Una Sentenza europea sull’End of waste superata dalla nuova Direttiva

Una recente sentenza della Corte di Giustizia dell’Unione europea, rispondendo ad un quesito posto da una Corte estone in merito all’interpretazione dell’art. 6 della direttiva 98/2008 sui rifiuti, è stata da taluni interpretata in modo estensivo come esclusione della facoltà degli Stati di regolare la cessazione della qualifica di rifiuto (End of Waste) caso per caso, in assenza di una norma comunitaria o nazionale che detti specifici criteri.
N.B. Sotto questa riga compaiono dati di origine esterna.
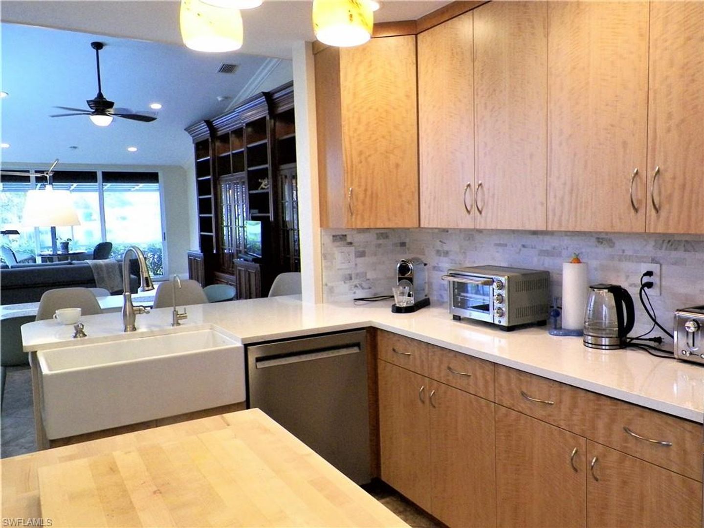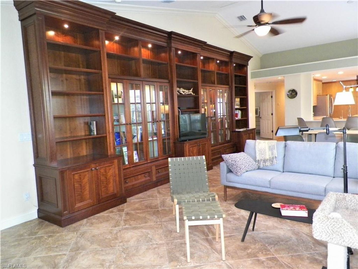 Available for off season or annual rental! Beautifully furnished 3 bedroom villa with 2 car garage in the Walden Oaks! Absolutely stunning lake view from your lanai. This home boasts gorgeous custom cabinetry throughout and high end Italian tile. The kitchen has quartz countertops, a farm-style sink, floor to ceiling pantry with pull out shelves, menu desk, and moveable island. The private Lanai looks out to your small boat dock on the lake. Master Suite with bay window has 2 walk-in closets and spa-like bath with double vanities, walk-in shower and soaking tub. One of the guest bedrooms can be turned into an en-suite bedroom by closing off the the guest bath. Laundry room Two car garage provide additional storage space. However, with this villa it's really all about the view. If you enjoy wonderful sunsets, the sound of the birds, and having your own piece of Paradise you'll love this home. Convenient North Naples location gives you access to shops, restaurants and beaches in minutes.

Tralasciando, la trattazione di argomenti che confutano questa interpretazione degli effetti estensivi di questa sentenza, è sufficiente osservare che la Corte europea ha deciso sulla base del vecchio articolo 6, della direttiva del 2008, non avendo potuto ancora tener conto della sua nuova formulazione derivante dalla direttiva 2018/851/UE.

Il testo del nuovo articolo, infatti -spiega Stefano Leoni, ella Fondazione per lo Sviluppo Sostenibile – da un lato ribadisce al paragrafo 1 le condizioni da rispettare, dall’altro al paragrafo 2 introduce criteri che dovranno essere rispettati sia dall’Unione europea che dagli Stati membri in sede di riconoscimento EoW e, infine, ridefinisce al comma 4 la facoltà di procedere ad un riconoscimento caso per caso”.
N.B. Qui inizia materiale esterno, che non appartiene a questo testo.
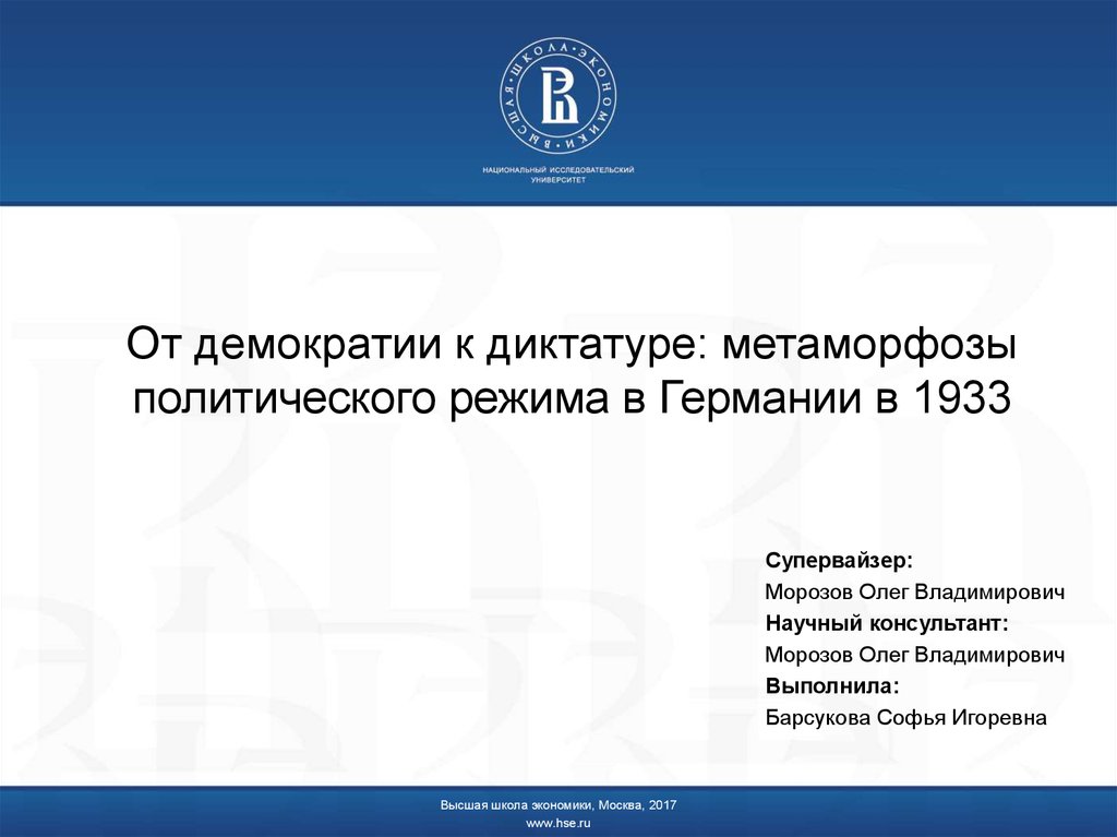 1. От демократии к диктатуре: метаморфозы политического режима в Германии в 1933

Vale la pena riportare il testo del comma 4: “Laddove non siano stati stabiliti criteri a livello di Unione o a livello nazionale ai sensi, rispettivamente, del paragrafo 2 o del paragrafo 3, gli Stati membri possono decidere caso per caso o adottare misure appropriate al fine di verificare che determinati rifiuti abbiano cessato di essere tali in base alle condizioni di cui al paragrafo 1, rispecchiando, ove necessario, i requisiti di cui al paragrafo 2, lettere da a) a e), e tenendo conto dei valori limite per le sostanze inquinanti e di tutti i possibili effetti negativi sull’ambiente e sulla salute umana. Tali decisioni adottate caso per caso non devono essere notificate alla Commissione.
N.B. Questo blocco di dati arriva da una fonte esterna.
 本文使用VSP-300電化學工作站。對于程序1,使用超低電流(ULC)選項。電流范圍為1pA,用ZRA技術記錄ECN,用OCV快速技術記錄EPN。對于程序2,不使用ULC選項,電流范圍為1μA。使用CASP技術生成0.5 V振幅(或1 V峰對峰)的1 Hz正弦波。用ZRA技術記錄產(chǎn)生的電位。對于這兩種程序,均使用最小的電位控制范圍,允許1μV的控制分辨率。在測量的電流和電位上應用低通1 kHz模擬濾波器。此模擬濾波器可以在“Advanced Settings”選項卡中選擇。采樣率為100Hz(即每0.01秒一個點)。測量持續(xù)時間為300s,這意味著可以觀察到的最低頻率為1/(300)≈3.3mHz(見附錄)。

Il tenore della disposizione è difficilmente equivocabile. Il caso per caso può essere esercitato a condizione che si rispettino le condizioni del paragrafo 1 e i criteri del paragrafo 2. Quindi, il nuovo articolo 6 ha già indicato i criteri da rispettare e non occorre, tranne quando ritenuto opportuno l’UE o dalla Stato nazionale, attendere l’emanazione di criteri dettagliati. Pertanto, nel rispetto di queste indicazioni gli Stati membri hanno piena libertà di distribuire le specifiche competenze secondo il modello che reputano più efficiente.

E’ opportuno, in proposito, ricordare un passaggio della sentenza del Corte europea quando ricorda che la disciplina adottata dagli Stati membri non deve costituire “ostacolo alla realizzazione degli obiettivi della direttiva 2008/98/UE, come l’incentivazione ad applicare la gerarchia dei rifiuti prevista dall’art. 4 o, come risulta dai considerando 8 e 29 della medesima, al recupero dei rifiuti e all’utilizzazione dei materiali di recupero per preservare le risorse naturali e consentire l’attuazione di un’economia circolare.

Ricordando che l’ordinamento italiano attribuisce alle Regioni la competenza di autorizzare il trattamento dei rifiuti e che il caso per caso può essere esercitato solo dall’autorità dotata di questa competenza -conclude Leoni-  non si può che giungere alla conclusione che il recepimento del nuovo articolo 6, riportando correttamente il testo della direttiva del 2018, riconosca anche alle Regioni la competenza a rilasciare l’autorizzazione EoW caso per caso ,applicando condizioni e criteri europei, in assenza di provvedimenti nazionali o europei”.